Exercise goal: Without including any pictures, give back all of the data exactly.

*** Entries provided Section Begins ***

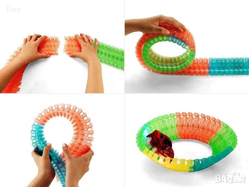 Детска светеща писта с 220 части, която позволява на децата да създават различни форми и трасета.
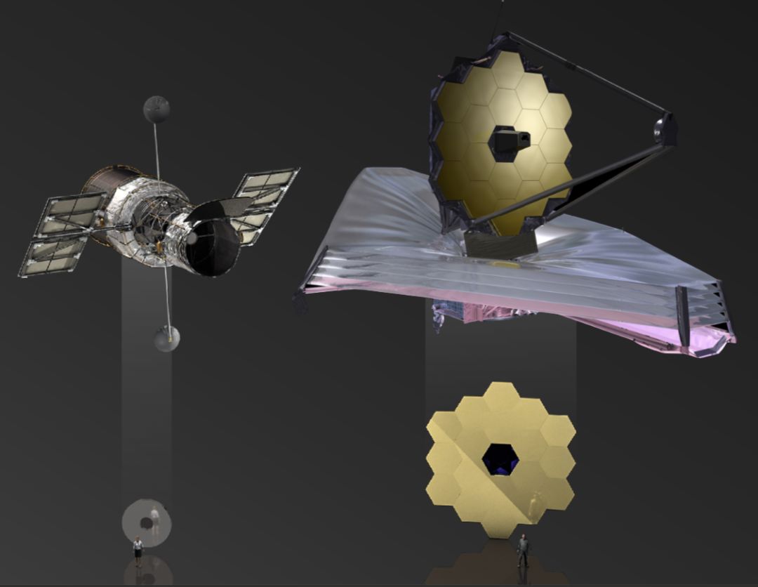 ○ 左:哈勃太空望远镜(HST);右:詹姆斯·韦伯太空望远镜(JWST)。| 图片来源:NASA/ESA/CSA
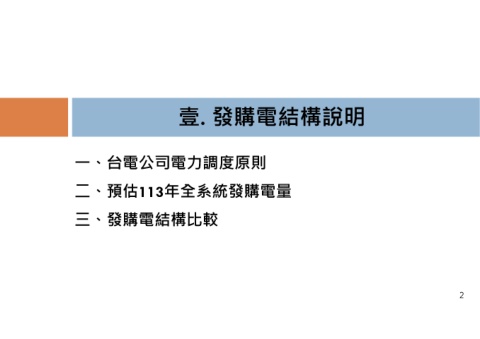 壹. 發購電結構說明 ⼀、台電公司電⼒調度原則 二、預估113年全系統發購電量 三、發購電結構比較 2
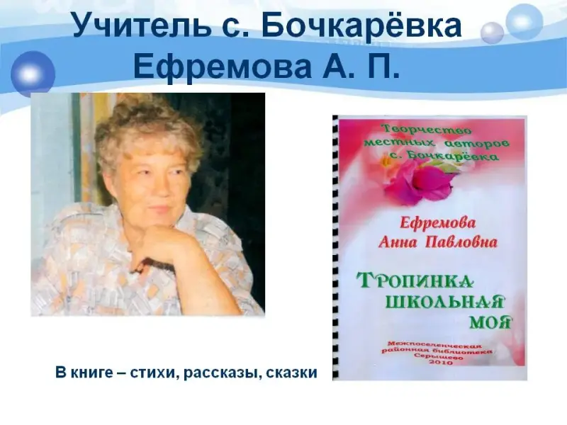 - читали рассказы, сказки и стихи учительницы из Бочкарёвской школы (слайд 3) Ефремовой Анны Павловны из вышедшей летом прошлого года книги «Тропинка школьная моя»;
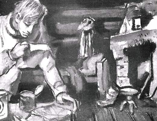 Большую часть жилого пространства занимала кирпичная печь, похожая на камин, в которой валялись обгорелые сосновые головешки и груды золы. Почти вся мебель была самодельной. Дверь рядом вела в кухню, а в дальнем конце комнаты помещался вход в спальню. Тут и там в беспорядке валялись одежда и обувь — тяжелые лыжные ботинки, старые джинсы, фуфайка и рваная шапка.
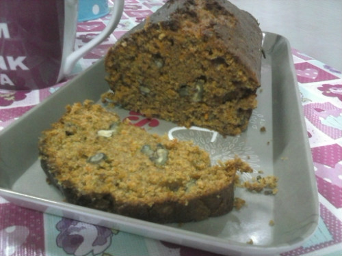 En un bol echamos las harinas, el impulsor, la sal y el bicarbonato, lo mezclamos bien, tamizamos y añadimos a la mezcla anterior. Por último añadimos la zanahoria y las nueces, las cuales las habremos rebozado previamente en harina para evitar que se vayan al fondo del molde.
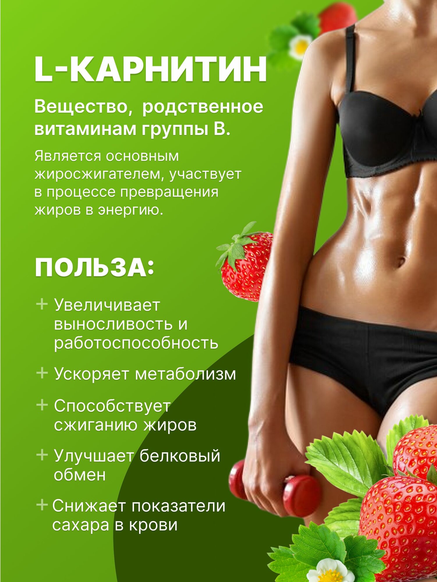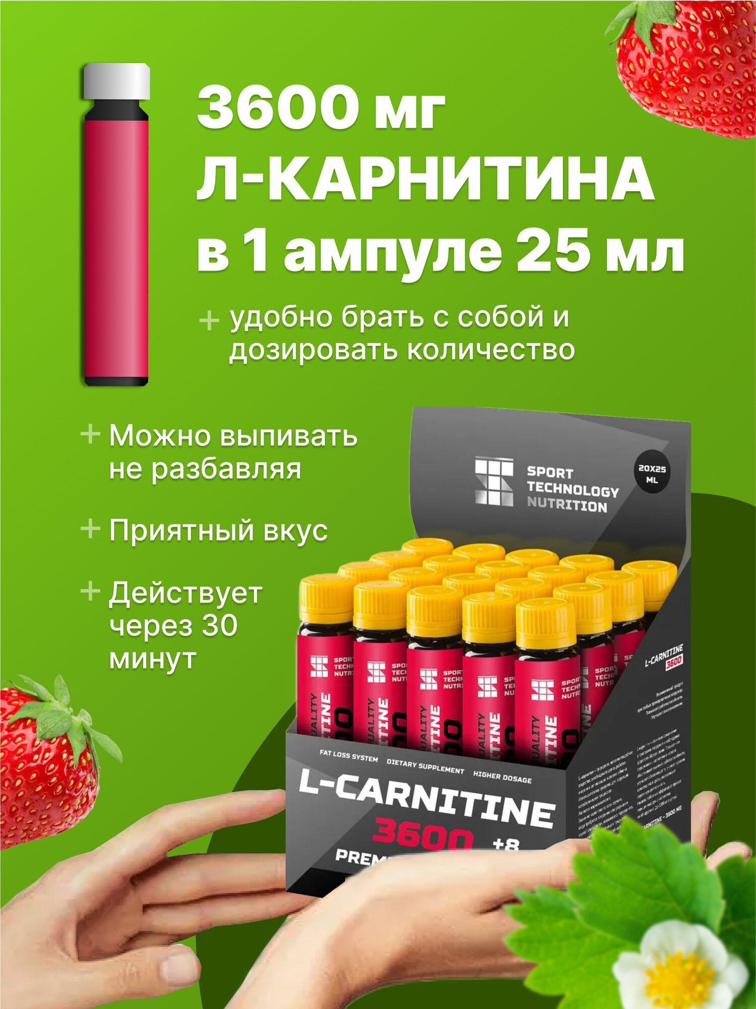 L-карнитин 3600 мг, 20 ампул по 25 мл, клубника, жиросжигатель для похудения мужчин и женщин, Л карнитин

*** Entries provided Section Ends ***

Output below:
 Детска светеща писта с 220 части, която позволява на децата да създават различни форми и трасета.
 ○ 左:哈勃太空望远镜(HST);右:詹姆斯·韦伯太空望远镜(JWST)。| 图片来源:NASA/ESA/CSA
 壹. 發購電結構說明 ⼀、台電公司電⼒調度原則 二、預估113年全系統發購電量 三、發購電結構比較 2
 - читали рассказы, сказки и стихи учительницы из Бочкарёвской школы (слайд 3) Ефремовой Анны Павловны из вышедшей летом прошлого года книги «Тропинка школьная моя»;
 Большую часть жилого пространства занимала кирпичная печь, похожая на камин, в которой валялись обгорелые сосновые головешки и груды золы. Почти вся мебель была самодельной. Дверь рядом вела в кухню, а в дальнем конце комнаты помещался вход в спальню. Тут и там в беспорядке валялись одежда и обувь — тяжелые лыжные ботинки, старые джинсы, фуфайка и рваная шапка.
 En un bol echamos las harinas, el impulsor, la sal y el bicarbonato, lo mezclamos bien, tamizamos y añadimos a la mezcla anterior. Por último añadimos la zanahoria y las nueces, las cuales las habremos rebozado previamente en harina para evitar que se vayan al fondo del molde.
 L-карнитин 3600 мг, 20 ампул по 25 мл, клубника, жиросжигатель для похудения мужчин и женщин, Л карнитин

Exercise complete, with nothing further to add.